— Еще как!
— Тогда вы знаете, куда идти и что делать.
Ее голова была повернута в сторону Борна, и женщина не отвернулась, когда, вылезая из-под гагачьего одеяла, он натягивал штаны, а затем рубашку. Сначала он отправился в ванную комнату, а закончив умываться — на кухню. Когда Борн наливал себе кофе, из гостиной раздался ее голос:
— У вас красивое тело, хотя на нем, пожалуй, многовато шрамов.
Борн безуспешно искал сливки, но хозяйка квартиры, по-видимому, предпочитала черный кофе.
— Они придают мне героический вид, — ответил он.
— Даже тот, который у вас на шее?
Роясь в холодильнике, Борн не ответил, однако рефлекторным движением положил руку на рану и словно снова ощутил заботливые прикосновения рук Милен Дютронк.
— Эта рана совсем свежая, — снова заговорила Аннака. — Откуда она?
— Мне пришлось вступить в схватку с одним очень сильным и очень злым существом, которое находилось в очень плохом настроении.
Аннака поерзала, поудобнее устраиваясь на скамеечке.
— Кто-то пытался вас задушить.
Борну наконец-то удалось найти сливки. Долив их в чашку с кофе, он добавил туда же две чайные ложки сахара, размешал и сделал первый глоток. И только после этого, вернувшись в гостиную, ответил:
— Злость способна толкнуть человека на любой шаг, разве вы не знаете?
— Откуда мне знать! Я не являюсь частью вашего жестокого мира.
Стоя рядом с роялем, Борн поглядел на сидящую Аннаку сверху вниз.
— Однако вчера вы намеревались меня застрелить, или запамятовали?
— Я никогда ничего не забываю, — отрезала женщина.
Было видно, что его слова саднят ей душу, но какие именно? Может быть, напоминание о вчерашнем дне, когда на ее глазах был безжалостно убит отец? Так или иначе, Борн счел за благо переменить тему разговора.
— Ваш холодильник напоминает пустыню, — заметил он.
— Я редко ем дома, — ответила Аннака. — В пяти кварталах отсюда есть прекрасное кафе.
— Может, наведаемся туда? — предложил Борн. — Я умираю от голода.
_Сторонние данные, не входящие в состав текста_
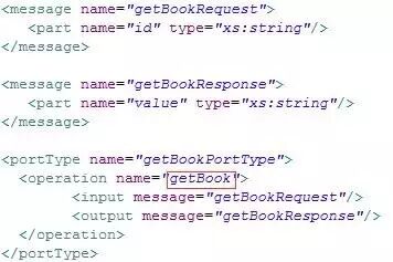 没有玩过Web Service 的不用完全看懂它,它描述的也是一个getBook这样的操作, 输入是一个id ,类型是字符串。
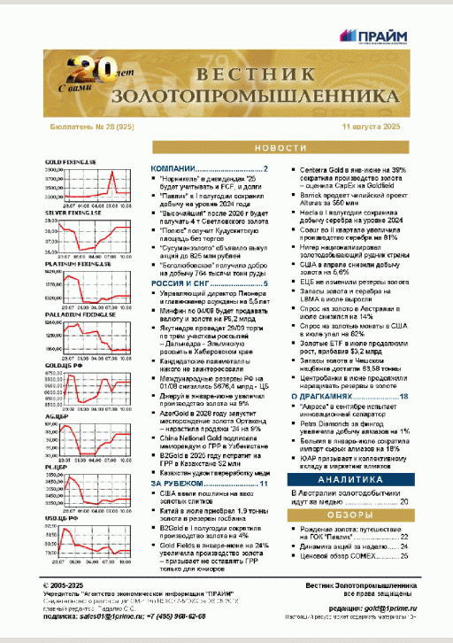 Вестник золотопромышленника : бюллетень. — Москва : ПРАЙМ , 2025, N 28. — 2025.

Женщина уселась поудобнее, и, отвечая на это движение, скамеечка у рояля негромко скрипнула. А затем гостиную наполнили аккорды ноктюрна Шопена в си-бемоль миноре. Звуки поплыли по квартире, кружась, как листья, опадающие золотым осенним днем. Борн удивился тому, какое огромное наслаждение доставляет ему эта музыка.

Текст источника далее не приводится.